The bad news: Jabil will lay off another 150 workers locally in administration and manufacturing over the next few weeks amid slumping demand for electronics worldwide. This comes after 120 layoffs this summer, bringing Jabil's local employment to about 2,000.
The cuts cast a pall over a $37.6 million incentive package St. Petersburg and the state promised Jabil in exchange for not relocating, building a new headquarters in St. Petersburg and adding 850 more jobs over the next four years.
Jabil executives did not say they are backing out of the deal, but they offered new doubts on how it would unfold.
"We do not have any official update on that package," spokeswoman Beth Walters said. "That said, we have to look at what the overall environment is and not forge ahead recklessly if things deteriorate and continue to get bad."
Jabil has not received any payments from the incentive package, and any future payments would be tied to actual jobs created, Walters said. The company's preference remains the construction of a new headquarters and expansion of its operations in St. Petersburg.
On another front Monday, the Securities and Exchange Commission ended a years-long probe of how Jabil executives handled their stock options, ending another legal challenge that had dogged the company.
SEC officials in the Division of Enforcement sent Jabil a letter saying its investigation "has been completed" and "we do not intend to recommend any enforcement action."

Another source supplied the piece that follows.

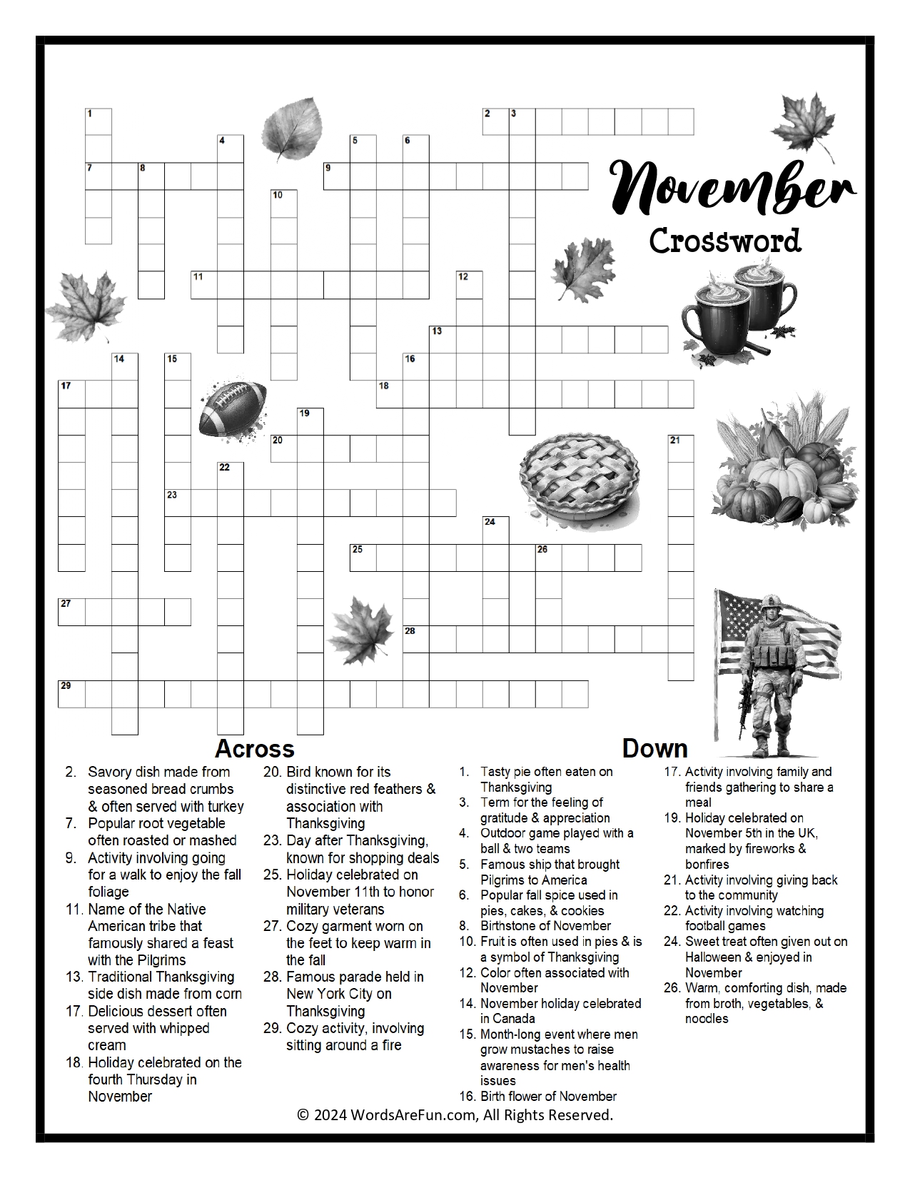 Embrace the cozy vibes of fall with this November-themed crossword puzzle, perfect for Thanksgiving, autumn activities, and seasonal fun. Whether you're enjoying a quiet afternoon or hosting a family game night, this puzzle brings the charm of fall traditions, seasonal foods, and festive holidays to life.

Such letters are rather rare, as the government has no formal obligation to tell a company it decided not to pursue prosecution. A series of companies suspected of back-dating stock options to artificially boost their value have started receiving such closure letters.
Jabil spent "tens of millions of dollars" on its own investigations and on defending itself against such probes, Jabil general counsel Robert Paver said.
"There's clearly a sense of relief," Paver said. "But there's also a sense of injustice about the amount of management time and shareholder money spent as a result of this."